2. egitim: "etmisim parasinin icine, ben egitim almak ve dünya görüsümü gelistirmek istiyorum" diye okumaya baslanacaksa; hic zaman kaybedilmeden baslanmalidir. ayrica; 25 yasinda okumaya baslayan bir birey 29-30 yaslarinda da okulu bitirecektir. okul bittikten sonra bambaska bir dünyaya gözlerini acacaktir. (bkz: metamorfoz)
ögrenmekten zevk alarak ve hatta 25 yasinda olmanin avantaji ile hayati diger ögrencilere göre daha iyi tanimasi sebebiyle, ögrenme disiplinine daha cabuk adapte olacaktir.
22 yaşında olan ve en az 10 farklı bölüm bitirmek isteyen yani okumanın bokunu çıkarmak isteyen biri olarak tarafımdan desteklenen uygulamadır. gece öğretimini seç, gündüz memurluk yap, tertemiz. kpss'yi boşlama yani.
50 yaşında bile başlayan olduğuna göre hayli hayli başlanır. hem 25 yaş ne ki? ilahi sanki yüz yaşına girmiş mübarek.
daha yolun başında olunan yaştır ve hiçbir şey için geç değildir.

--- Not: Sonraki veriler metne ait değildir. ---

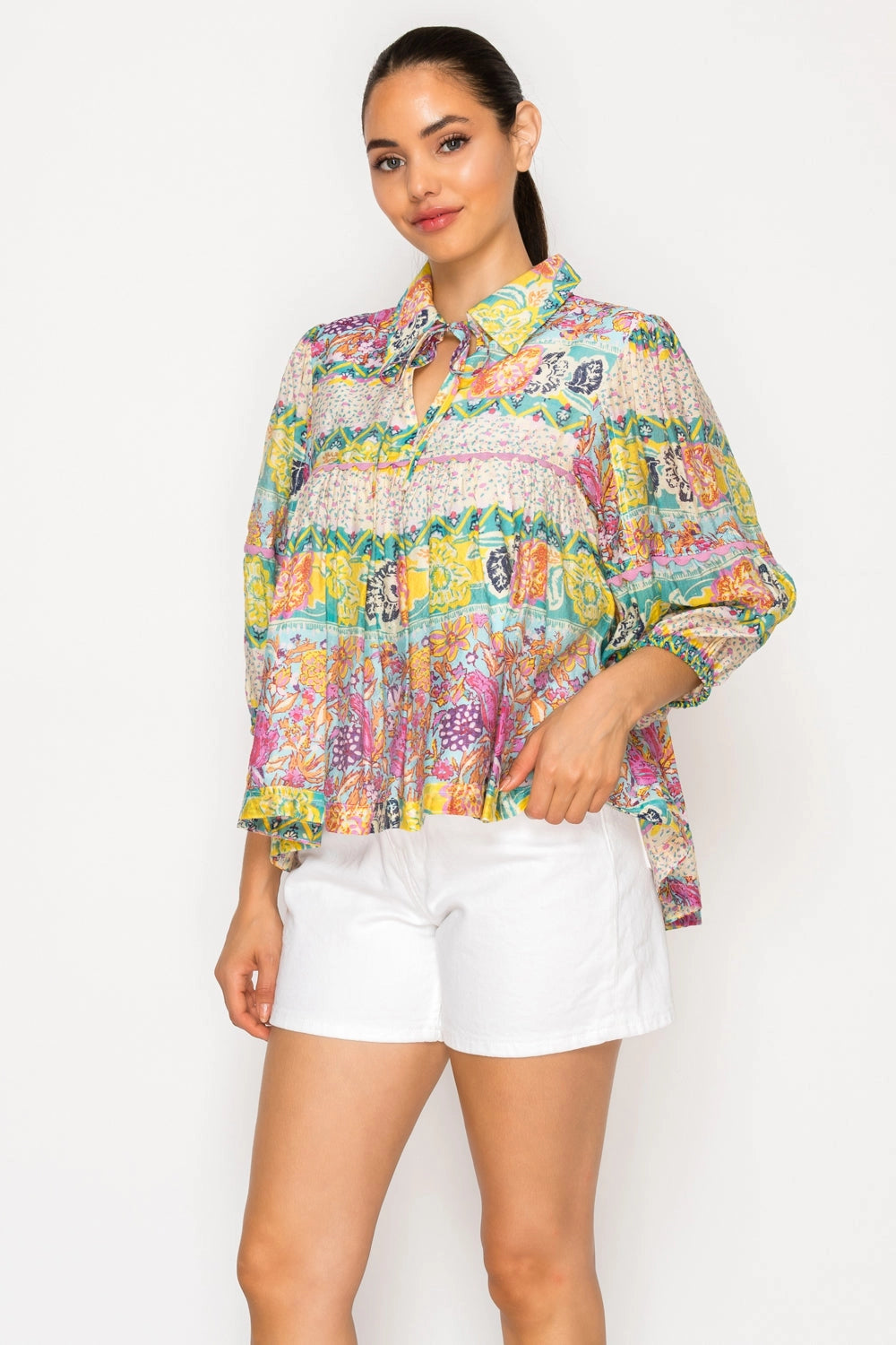 Escape to sun-soaked shores with the Kallisti Festival Blouse, where boho-chic meets Mediterranean magic. This enchanting piece showcases a vibrant patchwork of floral and geometric prints in sunset pink, golden yellow, and turquoise—inspired by the artful spirit of the Greek isles. The relaxed peplum silhouette, romantic tie-neck collar, and dreamy puff sleeves create an effortlessly romantic vibe that works equally well exploring seaside markets or dancing under the stars. Pair with white shorts for daytime wandering or your favorite denim for evening adventures.

üst üste binen aksilikler ve şansızlıklardan ötürü başvurmaya niyetlendiğim sorunsaldır. bir baltaya sap olamayan, sorumluluk almaktan artık korkar olan, kaybolan özgüveni için müge anlı'ya başvurmayı düşünen, benlik sahibi olmayan ne diyeyim insan mı diyeyim yoksa müsvettesi mi bilmiyorum. ve bu hatalarımı her gün yüzüme vuran insanlar var. daraldım, bıktım, soğudum. tek çıkış yolu olarak görüyorum açıkçası bunu. ha çıkış yolu olarak bir alternatif daha var, o da intihar. bu iki seçenekten ilki belki beni hayatta tutacak, diğer seçenek ise hayatımı benden alacak, sevdiklerimden beni koparacak. ilk yolu bir türlü kestiremiyorum, nasıldır. engebeli mi, beni zorlar mı, yorulur muyum, bayır mı hiç bilmiyorum. ama ikinci yol koskoca bir uçurum, dibi görünmeyen, kapkaranlık...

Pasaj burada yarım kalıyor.